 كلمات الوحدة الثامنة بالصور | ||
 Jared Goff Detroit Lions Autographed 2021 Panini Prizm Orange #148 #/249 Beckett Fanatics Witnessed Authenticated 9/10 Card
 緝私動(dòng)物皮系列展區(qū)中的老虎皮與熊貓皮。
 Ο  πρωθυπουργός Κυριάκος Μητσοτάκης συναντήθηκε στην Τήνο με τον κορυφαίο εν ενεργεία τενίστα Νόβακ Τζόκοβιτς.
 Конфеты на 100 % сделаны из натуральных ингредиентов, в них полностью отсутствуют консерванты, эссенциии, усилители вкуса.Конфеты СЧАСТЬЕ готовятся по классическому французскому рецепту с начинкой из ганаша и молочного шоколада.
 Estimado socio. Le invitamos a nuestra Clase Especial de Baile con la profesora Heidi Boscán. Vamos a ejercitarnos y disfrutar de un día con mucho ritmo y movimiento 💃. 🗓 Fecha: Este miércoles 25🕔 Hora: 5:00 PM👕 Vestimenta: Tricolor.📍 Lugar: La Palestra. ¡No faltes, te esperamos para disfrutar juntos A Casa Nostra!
==
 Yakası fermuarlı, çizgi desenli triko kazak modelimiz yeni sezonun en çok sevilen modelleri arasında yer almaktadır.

**ACTIVITY:** Your answer should consist of the lines from the line with "كلمات الوحدة الثامنة بالصور | ||" to the line with "Estimado socio. Le" above, repeated exactly, both ends included.

**TASK SOLUTION:**
 كلمات الوحدة الثامنة بالصور | ||
 Jared Goff Detroit Lions Autographed 2021 Panini Prizm Orange #148 #/249 Beckett Fanatics Witnessed Authenticated 9/10 Card
 緝私動(dòng)物皮系列展區(qū)中的老虎皮與熊貓皮。
 Ο  πρωθυπουργός Κυριάκος Μητσοτάκης συναντήθηκε στην Τήνο με τον κορυφαίο εν ενεργεία τενίστα Νόβακ Τζόκοβιτς.
 Конфеты на 100 % сделаны из натуральных ингредиентов, в них полностью отсутствуют консерванты, эссенциии, усилители вкуса.Конфеты СЧАСТЬЕ готовятся по классическому французскому рецепту с начинкой из ганаша и молочного шоколада.
 Estimado socio. Le invitamos a nuestra Clase Especial de Baile con la profesora Heidi Boscán. Vamos a ejercitarnos y disfrutar de un día con mucho ritmo y movimiento 💃. 🗓 Fecha: Este miércoles 25🕔 Hora: 5:00 PM👕 Vestimenta: Tricolor.📍 Lugar: La Palestra. ¡No faltes, te esperamos para disfrutar juntos A Casa Nostra!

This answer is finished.